Reliability and Validity of the Modified Korean Version of the Chalder Fatigue Scale (mKCFQ11) 2020, Yo-Chan Ahn et al

Sly Saint

Senior Member (Voting Rights)
Abstract
Fatigue can accompany various diseases; however, fatigue itself is a key symptom for patients with chronic fatigue syndrome (CFS). Due to the absence of biological parameters for the diagnosis and severity of CFS, the assessment tool for the degree of fatigue is very important. This study aims to verify the reliability and validity of the modified Korean version of the Chalder Fatigue Scale (mKCFQ11).

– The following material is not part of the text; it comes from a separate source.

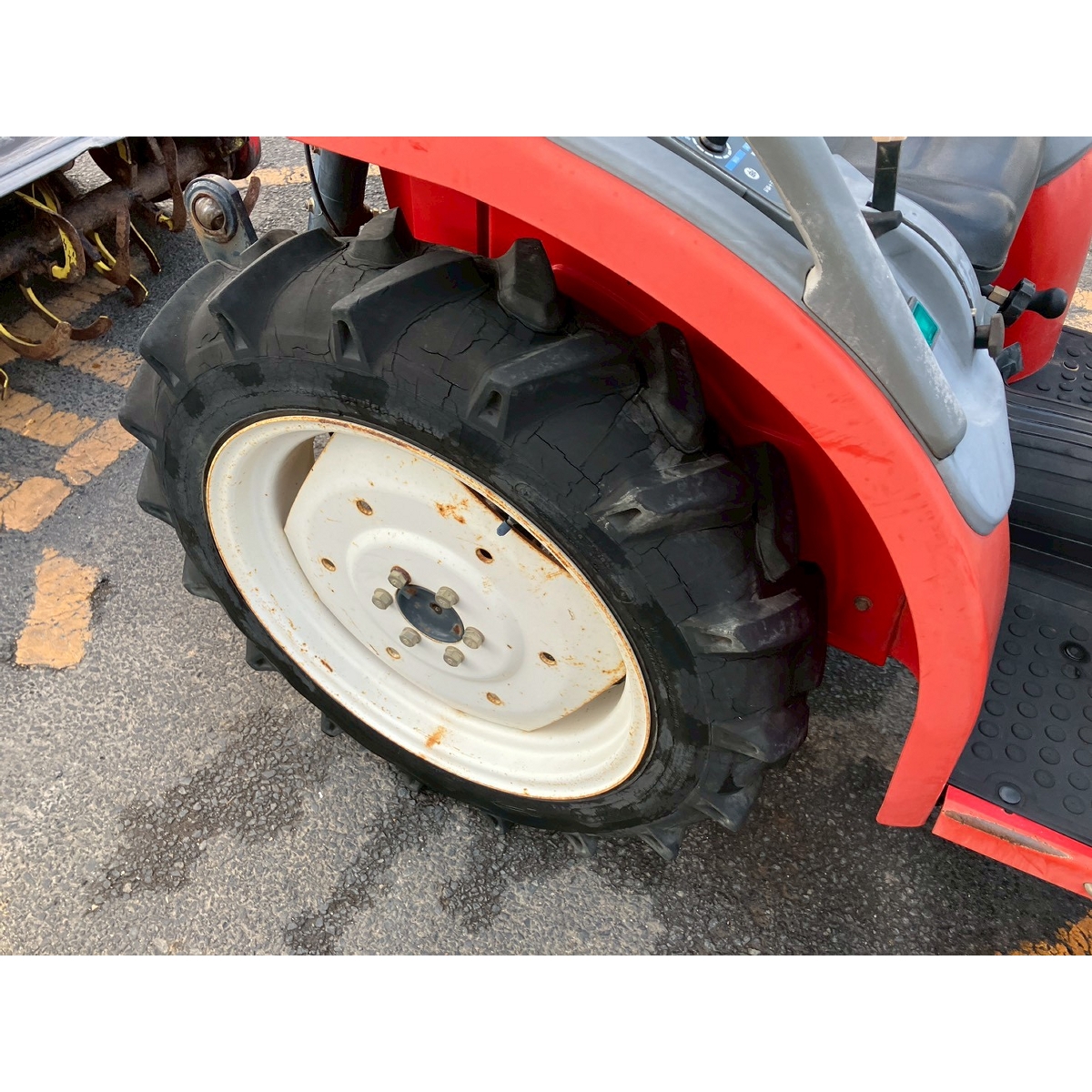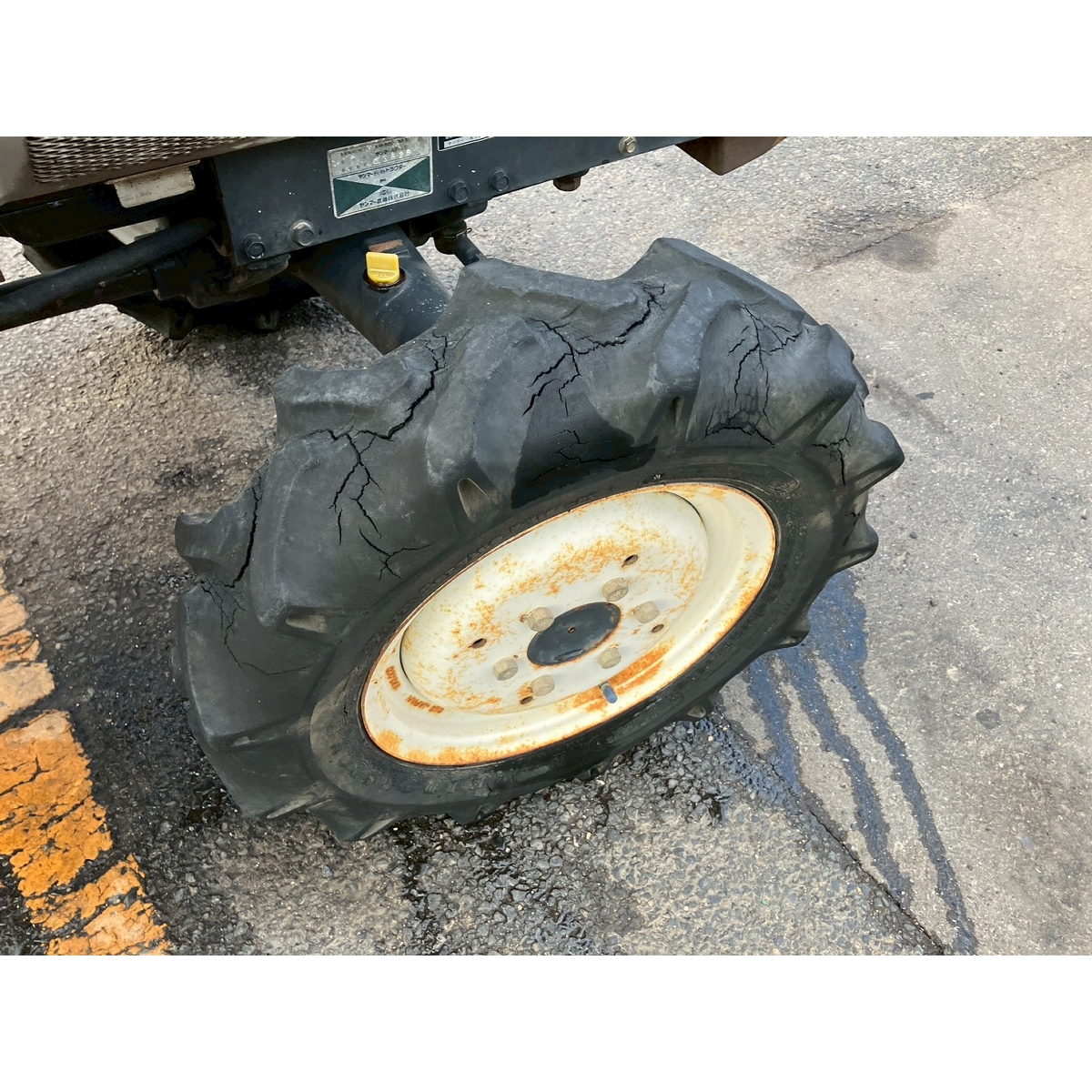 - with rotary, no battery, without PS, cracked and worn tires, oil leak from front knuckle, this tractor has SHIBAURA plate but it is based on YANMAR (Model : AF16)

This study was performed using data from 97 participants (Male: 37, Female: 60) enrolled in a clinical trial for an intervention of CFS. The analyses of the coefficient between the mKCFQ11 score and the Fatigue Severity Scale (FSS), the Visual Analogue Scale (VAS) or the 36-item Short-Form Health Survey (SF-36) at two time points (baseline and 12 weeks) as well as their changed values were conducted.

The mKCFQ11 showed strong reliability, as evidenced by the Cronbach’s alpha coefficient of 0.967 for the whole item and two subclasses (0.963 for physical and 0.958 for mental fatigue) along with the suitable validity of the mKCFQ11 structure shown by the principal component analysis.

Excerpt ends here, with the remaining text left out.